Rebalance the indexer cluster

By rebalancing the indexer cluster, you balance the distribution of bucket copies across the set of peer nodes. A balanced set of bucket copies optimizes each peer's search load and, in the case of data rebalancing, each peer's disk storage.

Types of indexer cluster rebalancing

There are two types of indexer cluster rebalancing:

Primary rebalancing
Data rebalancing

Primary rebalancing

The goal of primary rebalancing is to balance the search load across the peer nodes.

Primary rebalancing redistributes the primary bucket copies across the set of peer nodes. It attempts, to the degree possible, to ensure that each peer has approximately the same number of primary copies.

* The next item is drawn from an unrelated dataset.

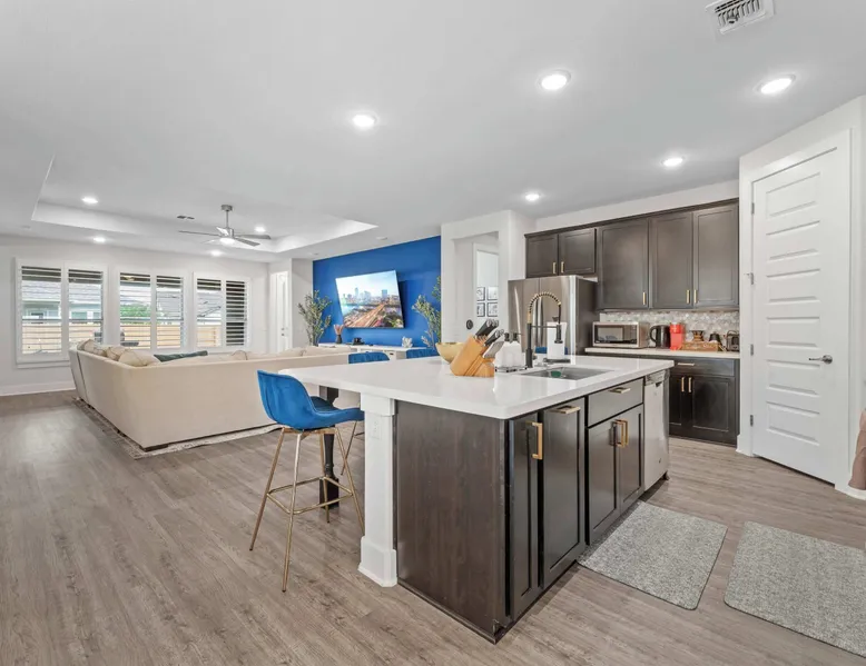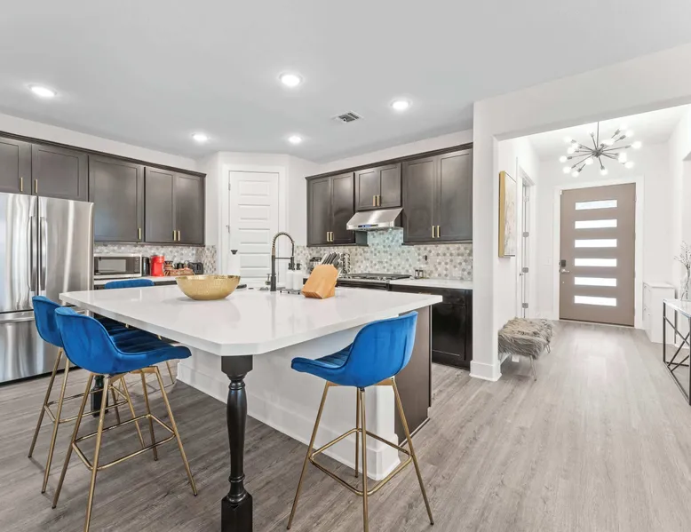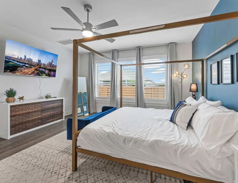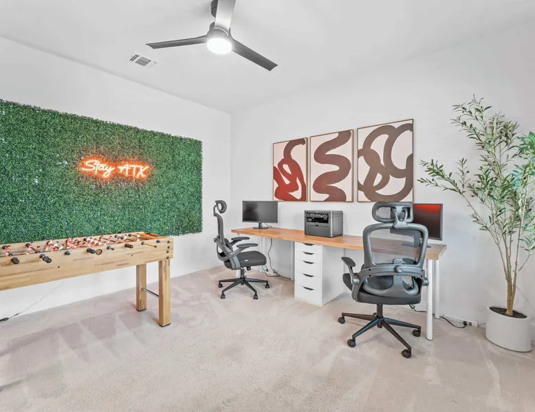 Summary: Welcome to your new home in Easton Park - adjacent to McKinney Falls State Park, an urban state park that is home to waterfalls, hiking trails, camp sites, and minutes from CotA, DT, and the airport. Our 2,475 sqft house is pet-friendly (pet fees apply) and comes with a fully-stocked kitchen, & ultra-fast internet to accommodate you in the modern times. ► CotA Race Track - 16 min. drive ► Downtown (Rainey Street) - 18 min. drive ► Zilker Park / ACL - 22 min. drive ► Airport - 13 min. drive The Space: Vibrant locality, home-inspired design, and redefined simplicity; these are the design principles that we aim to achieve when creating this space that you will be calling home during your stay with us. Working, relaxing, or living to the fullest, our spaces have all the essentials you (and your pets!) need for your stay in Austin. ** Please note that only 4 cars are allowed to be parked at the house at any given time. If your group has more than 4 cars, please make sure to make plans to consolidate everyone into 4 cars. If you have questions about parking, please send us an inquiry! ★ Comfort ★ - King-sized bed in master bedroom), king-sized bed in second master bedroom, 2 full beds in each of the other 2 bedrooms w/ 12” memory foam mattresses, memory gel & gusseted pillows, down comforters, and ultra-soft linens - Oversized, super comfortable sofa with chaise great for the whole group to relax together and watch movies - Central air conditioning and heat - Fresh towels and bathroom essentials - Professionally cleaned prior to your arrival - En-suite / On-site laundry - Complimentary coffee and tea w/ Keurig machine and pour-over coffee - Free onsite parking on driveway and street curb - Fully-equipped kitchen with pots & pans, bakeware, dinnerware, silverware, cookware, blender, toaster, rice cooker, and more! - Backyard patio - Pet-friendly so that you can bring your favorite fur babies (pet fees apply, please see house rules) ★ Work & Entertainment ★ - Ultra-fast WiFi with the latest in router technology enabling optimal productivity when working from home - Roku-enabled 85” smart TV in living room with complimentary access to live cable (YouTubeTV), Disney+, Amazon Prime Video, HBO Max, Hulu, and ESPN+ for all your binge-watching needs - Roku-enabled 65" smart TV in master bedroom and 55" smart TV in second master bedroom (no complimentary access to streaming apps for bedroom TVs, guests' own account required) - Party games and video games (PS4) for your family and friends to enjoy - Community playgrounds, miles and miles of beautiful walking/running tralis, and food truck court with amazing food only a short walk away - Dedicated office space with 2 workstations w/ 24" monitors, laser black-and-white printer (USB cable connection and software driver on guest computer required to print, * printing paper not included and must be purchased by guests *), ergonomic desk chairs, and foosball table for that much needed down time ★ Space Layout ★ - 4 bedrooms - 3.5 bathrooms - 2,475 sqft - Single-story home, no stairs ★ Service ★ - Contactless self-check-in and checkout - 24/7 virtual support with instant communication and responsiveness Guest Access: All guests have access to the entire property, including the community amenities such as the various playgrounds, walking and hiking trails, and food truck park. The Neighborhood: This neighborhood is a serene suburb-like neighborhood located in Southeast Austin, right next to McKinney Falls State Park. It is located on a hill and can provide great hilltop-like views of Downtown Austin and the Texas Hill Country from the neighborhood park that's within a 2-minute walk (amazing for catching the official annual Austin city fireworks show if you are here for July 4th). Miles and miles of walking and hiking trails weave through the neighborhood and the community parks provide great entertainment for adults and children alike. Getting Around: We recommend that guests rent a car during your stay in Austin as many of Austin’s best attractions and fun things to do are scattered around the city and much more convenient when accessed by car. While there are certainly public transportation options such as buses and individual transportation options such as scooters/bikes/mopeds, these options are mainly convenient and readily available around the downtown Austin area and quickly becomes sparse even a couple miles outside of city center. Rideshare apps such as Uber and Lyft are also great options but expenses can quickly add up as Austin rideshare rates are on the higher end and can surge very high during busy times, such as 2AM on weekends and during large events such as SXSW, conferences, F1, etc. Other Things to Note: ★★★ PRE-STAY GUEST VERIFICATION IS REQUIRED ★★★ To abide by all legal requirements and property security rules, you may be asked to provide a copy of your official government-issued photo ID, confirm your contact information, pass through our verification portal, and/or, in some instances, complete a criminal background check. Important note: The information is collected for screening and verification only and is not stored or used for any other purposes. Please be advised that all guests will be asked to sign a rental usage agreement that governs the terms of the stay. By completing the reservation you agree to the following: « You agree to be bound by our rental terms and conditions. « You acknowledge that you will be required to provide a copy of a valid government-issued ID prior to check-in. « You acknowledge that you may be required to undergo a background check if mandated by the property management company or the owner, as stated in accordance with your rental agreement and condition of the booking. « You understand that your check-in instructions might be withheld until you have successfully completed our verification portal. All guests are subject to verification checks and are

Primary rebalancing simply reassigns primary markers across the set of existing searchable copies. It does not move searchable copies to different peer nodes. Because of this limitation, primary rebalancing is unlikely to achieve a perfect balance of primaries.

Because primary rebalancing only reassigns markers and does not cause any bucket copies to move between peers, it occurs quickly.

Data rebalancing

The goal of data rebalancing is to balance the storage distribution across the peer nodes.

Data rebalancing redistributes bucket copies, so that each peer has approximately the same number of copies. It balances searchable, non-searchable, and primary copies.

During data rebalancing, the cluster moves bucket copies from peers with more copies to peers with fewer copies. Since this type of rebalancing includes searchable copies, it overcomes the limitation inherent in primary rebalancing and achieves a significantly better balance of primaries.

Because data rebalancing involves significant fixup activity, such as moving bucket copies between peers, it can be a slow and lengthy process.

Rebalance indexer cluster primary bucket copies

When you start or restart a master or peer node, the master rebalances the set of primary bucket copies across the peers, in an attempt to spread the primary copies as equitably as possible. Ideally, if you have four peers and 300 buckets, each peer would hold 75 primary copies. The purpose of primary rebalancing is to even the search load across the set of peers.

How primary rebalancing works

To achieve primary rebalancing, the master reassigns the primary state from existing bucket copies to searchable copies of the same buckets on other peers, as necessary. This rebalancing is a best-effort attempt; there is no guarantee that full, perfect rebalance will result.

Primary rebalancing occurs automatically whenever a peer or master node joins or rejoins the cluster. In the case of a rolling restart, rebalancing occurs once, at the end of the process.

Note: Even though primary rebalancing occurs when a new peer joins the cluster, that peer won't participate in the rebalancing, because it does not yet have any bucket copies. The rebalancing takes place among any existing peers that have searchable bucket copies.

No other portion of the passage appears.